Items from a data source.

====

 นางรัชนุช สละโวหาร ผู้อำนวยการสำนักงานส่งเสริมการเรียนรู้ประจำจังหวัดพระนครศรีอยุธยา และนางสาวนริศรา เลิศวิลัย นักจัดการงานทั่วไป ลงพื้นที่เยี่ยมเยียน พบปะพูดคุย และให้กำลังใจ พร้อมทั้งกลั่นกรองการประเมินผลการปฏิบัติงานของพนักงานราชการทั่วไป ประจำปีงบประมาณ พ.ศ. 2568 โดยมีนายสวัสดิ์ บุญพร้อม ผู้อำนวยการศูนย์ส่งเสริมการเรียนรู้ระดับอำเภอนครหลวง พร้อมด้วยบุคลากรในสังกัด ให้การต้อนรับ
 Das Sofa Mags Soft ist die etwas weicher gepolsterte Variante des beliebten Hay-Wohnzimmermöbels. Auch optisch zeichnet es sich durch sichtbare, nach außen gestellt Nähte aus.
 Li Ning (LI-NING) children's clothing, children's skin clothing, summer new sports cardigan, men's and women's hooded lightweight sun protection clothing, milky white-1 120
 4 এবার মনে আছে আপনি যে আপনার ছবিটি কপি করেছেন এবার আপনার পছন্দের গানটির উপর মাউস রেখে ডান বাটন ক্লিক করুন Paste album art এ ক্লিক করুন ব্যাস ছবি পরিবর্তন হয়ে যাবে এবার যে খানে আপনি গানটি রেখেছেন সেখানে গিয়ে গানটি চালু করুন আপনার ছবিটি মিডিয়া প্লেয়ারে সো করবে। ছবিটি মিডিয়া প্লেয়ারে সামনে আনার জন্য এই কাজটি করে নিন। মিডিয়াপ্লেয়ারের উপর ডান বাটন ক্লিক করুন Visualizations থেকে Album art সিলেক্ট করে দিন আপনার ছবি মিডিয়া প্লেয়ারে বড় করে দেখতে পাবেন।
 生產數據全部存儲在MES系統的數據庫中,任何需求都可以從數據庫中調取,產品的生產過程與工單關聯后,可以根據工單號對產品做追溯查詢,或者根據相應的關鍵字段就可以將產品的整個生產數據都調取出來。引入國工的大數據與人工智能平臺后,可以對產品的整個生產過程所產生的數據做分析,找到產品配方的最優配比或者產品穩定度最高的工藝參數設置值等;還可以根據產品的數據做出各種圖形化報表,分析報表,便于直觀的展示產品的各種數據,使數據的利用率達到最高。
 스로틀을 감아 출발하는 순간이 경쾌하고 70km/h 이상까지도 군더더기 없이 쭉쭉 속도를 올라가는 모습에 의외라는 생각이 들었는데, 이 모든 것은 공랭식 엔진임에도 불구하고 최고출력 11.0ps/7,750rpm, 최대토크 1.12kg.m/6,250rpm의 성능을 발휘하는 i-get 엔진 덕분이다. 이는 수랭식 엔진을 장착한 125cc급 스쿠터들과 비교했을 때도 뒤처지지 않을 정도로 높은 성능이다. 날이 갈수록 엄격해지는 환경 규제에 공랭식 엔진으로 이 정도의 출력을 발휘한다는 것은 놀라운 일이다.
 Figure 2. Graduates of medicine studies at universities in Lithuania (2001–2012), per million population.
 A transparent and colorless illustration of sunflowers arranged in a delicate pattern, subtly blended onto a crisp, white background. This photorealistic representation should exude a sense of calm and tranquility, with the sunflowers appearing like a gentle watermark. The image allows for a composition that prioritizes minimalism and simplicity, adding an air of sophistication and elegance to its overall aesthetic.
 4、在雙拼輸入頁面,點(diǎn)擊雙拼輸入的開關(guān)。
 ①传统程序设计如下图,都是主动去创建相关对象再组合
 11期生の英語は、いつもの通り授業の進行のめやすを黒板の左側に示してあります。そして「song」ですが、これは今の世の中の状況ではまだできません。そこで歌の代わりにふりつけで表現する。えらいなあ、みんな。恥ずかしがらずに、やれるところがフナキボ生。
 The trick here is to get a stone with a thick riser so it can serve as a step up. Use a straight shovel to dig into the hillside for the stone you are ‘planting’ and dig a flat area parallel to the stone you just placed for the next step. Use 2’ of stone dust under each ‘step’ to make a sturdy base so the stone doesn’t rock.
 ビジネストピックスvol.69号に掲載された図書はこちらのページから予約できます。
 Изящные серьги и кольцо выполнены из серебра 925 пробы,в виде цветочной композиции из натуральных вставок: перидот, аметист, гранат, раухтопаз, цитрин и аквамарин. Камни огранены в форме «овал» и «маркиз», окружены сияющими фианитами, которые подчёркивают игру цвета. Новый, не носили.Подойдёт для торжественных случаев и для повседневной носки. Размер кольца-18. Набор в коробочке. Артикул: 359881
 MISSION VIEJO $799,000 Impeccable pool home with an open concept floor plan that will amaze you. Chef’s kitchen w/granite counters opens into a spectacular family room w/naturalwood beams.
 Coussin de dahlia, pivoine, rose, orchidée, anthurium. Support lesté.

====

What you need to do. The lines above from the one with "4 এবার মনে আছে" through the one with "Figure 2. Graduates" are to be duplicated exactly, ends included, with nothing added.

Task answer.
 4 এবার মনে আছে আপনি যে আপনার ছবিটি কপি করেছেন এবার আপনার পছন্দের গানটির উপর মাউস রেখে ডান বাটন ক্লিক করুন Paste album art এ ক্লিক করুন ব্যাস ছবি পরিবর্তন হয়ে যাবে এবার যে খানে আপনি গানটি রেখেছেন সেখানে গিয়ে গানটি চালু করুন আপনার ছবিটি মিডিয়া প্লেয়ারে সো করবে। ছবিটি মিডিয়া প্লেয়ারে সামনে আনার জন্য এই কাজটি করে নিন। মিডিয়াপ্লেয়ারের উপর ডান বাটন ক্লিক করুন Visualizations থেকে Album art সিলেক্ট করে দিন আপনার ছবি মিডিয়া প্লেয়ারে বড় করে দেখতে পাবেন।
 生產數據全部存儲在MES系統的數據庫中,任何需求都可以從數據庫中調取,產品的生產過程與工單關聯后,可以根據工單號對產品做追溯查詢,或者根據相應的關鍵字段就可以將產品的整個生產數據都調取出來。引入國工的大數據與人工智能平臺后,可以對產品的整個生產過程所產生的數據做分析,找到產品配方的最優配比或者產品穩定度最高的工藝參數設置值等;還可以根據產品的數據做出各種圖形化報表,分析報表,便于直觀的展示產品的各種數據,使數據的利用率達到最高。
 스로틀을 감아 출발하는 순간이 경쾌하고 70km/h 이상까지도 군더더기 없이 쭉쭉 속도를 올라가는 모습에 의외라는 생각이 들었는데, 이 모든 것은 공랭식 엔진임에도 불구하고 최고출력 11.0ps/7,750rpm, 최대토크 1.12kg.m/6,250rpm의 성능을 발휘하는 i-get 엔진 덕분이다. 이는 수랭식 엔진을 장착한 125cc급 스쿠터들과 비교했을 때도 뒤처지지 않을 정도로 높은 성능이다. 날이 갈수록 엄격해지는 환경 규제에 공랭식 엔진으로 이 정도의 출력을 발휘한다는 것은 놀라운 일이다.
 Figure 2. Graduates of medicine studies at universities in Lithuania (2001–2012), per million population.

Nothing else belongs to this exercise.